The Future Is Ours: Pivot-Adjust-Engage

Digital disruption has been the buzzy term for the past few years, however, the first half of 2020 has forced that concept to become reality. Many businesses have embraced digital disruption overnight and have proven that they can shift and adapt when the status quo gets rocked. Not only have the last four months tested our resilience, but they have also caused many of us to reflect on the enormity of the abrupt changes and how we can be more present, decrease a bit of the noise, and simplify our lives. Simplify…hmmm…seems like it should be easy to do but in reality, we struggle with this every day, personally and professionally.

These days, so many people remark on how everything has become so complex and that this complexity is causing overwhelm and exhaustion. This makes me wonder, can simple and complex coexist to enable success in all aspects of our lives? If so, what role does the organization, its leadership, and culture play in this?

Gone is the classic division between employee, customer, and competitor. In the digitally connected, globalized, and unpredictable world in which we live, the people that make up organizations are those who get the work done, those that are the consumer, and those that are part of the network that could be competitors or collaborators.

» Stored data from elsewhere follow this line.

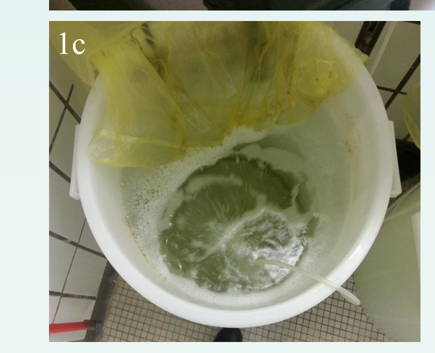
Fig.1 (a-c) Copepod and food cultures. 1(a) Pyrenomonas salina cultures bubbled with different CO<sub>2</sub> concentrations 1(b) Chemostats of the backup algae cultures 1(c) Aeration system of the copepod tanks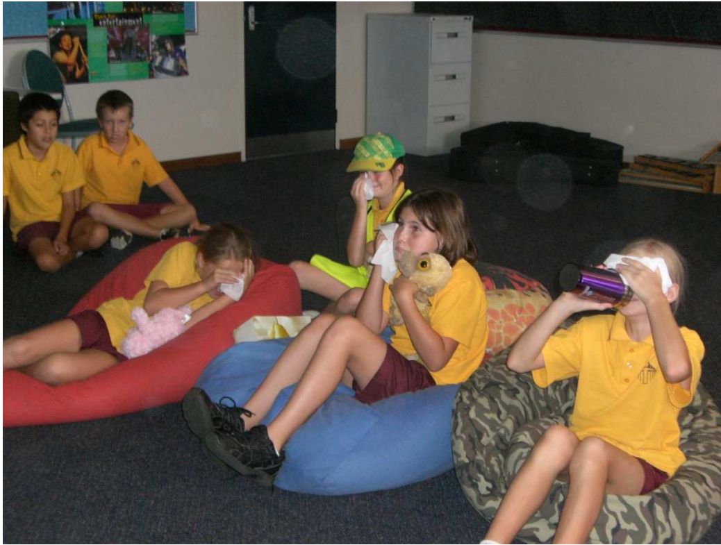
STUDENTS SHOWING THEIR ACTING SKILLS DURING DRAMA.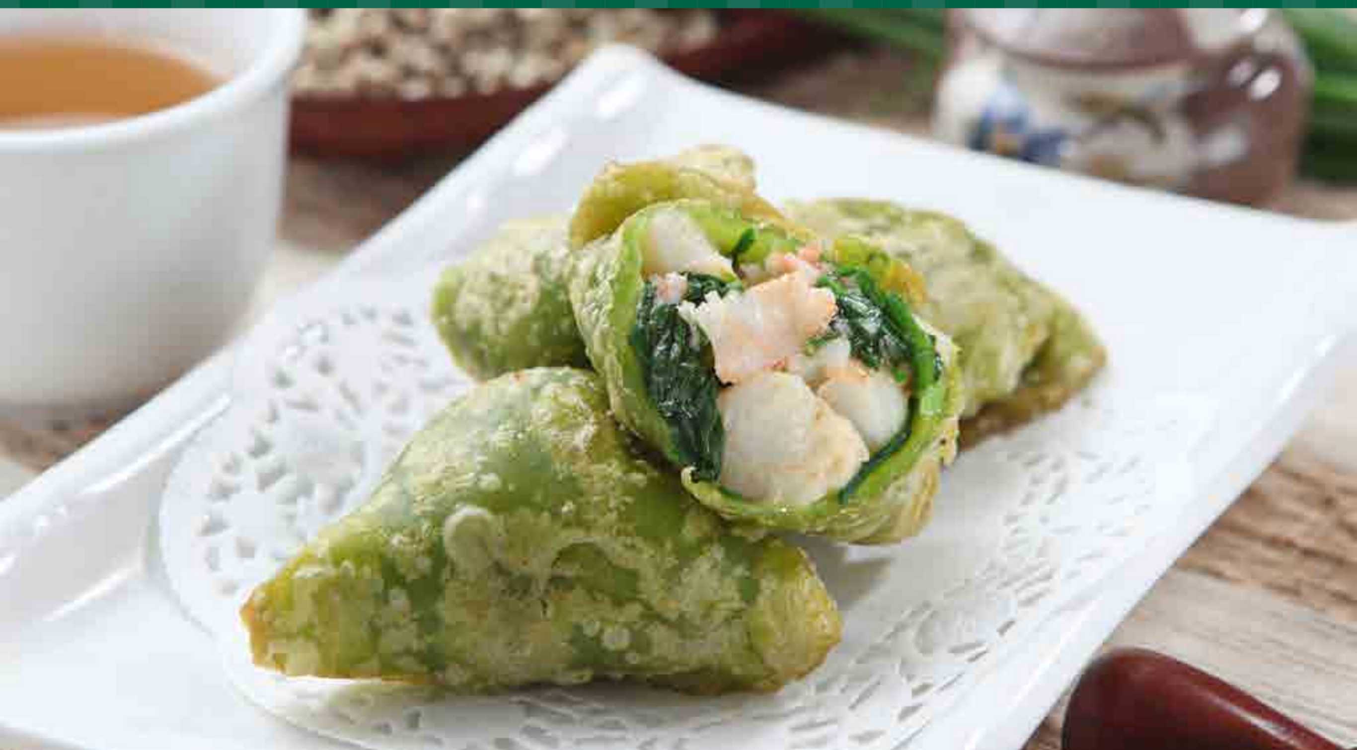
Fried Dumpling Chives

That delineation that we used to have – that separateness – supports linear thinking which has always defined our work lives.  Now, regardless of what role we have at work or in our personal lives, everything has become interconnected within interdependent ecosystems. This interconnectedness will continue to challenge the linear thinking in organizations as the need for fluidity and divergent thinking expands. In reality, our work and personal lives should mirror each other allowing for a more integrated and harmonious coexistence.

If we agree that there needs to be a conscious shift to balance company goals of profit with the wellbeing of people, organizations must rethink how they deliver a meaningful people experience. If that is cared for properly, it will intrinsically drive the desired customer experience and desired societal impact within these very complex, joined ecosystems.

But how do we do that? How do we reduce complexity to create a meaningful people experience?

We start by embracing complexity.

Complex systems such as the human brain, the power grid, the universe, and open social networks (just to name a few) are all around us. These systems create interconnections shaped by history and fueled by progress. If we try to restrain them, they resist, snarl, or break. In our digital (and connected) age, we can no longer take a linear approach and assume that what works today will work next week.

When we lose that linear way of thinking, or our ability to predict an outcome, it is our adaptability, agility, and resilience that become the keys to successfully surviving, navigating, and transforming. To that end, we embrace complexity by building, supporting, and transforming.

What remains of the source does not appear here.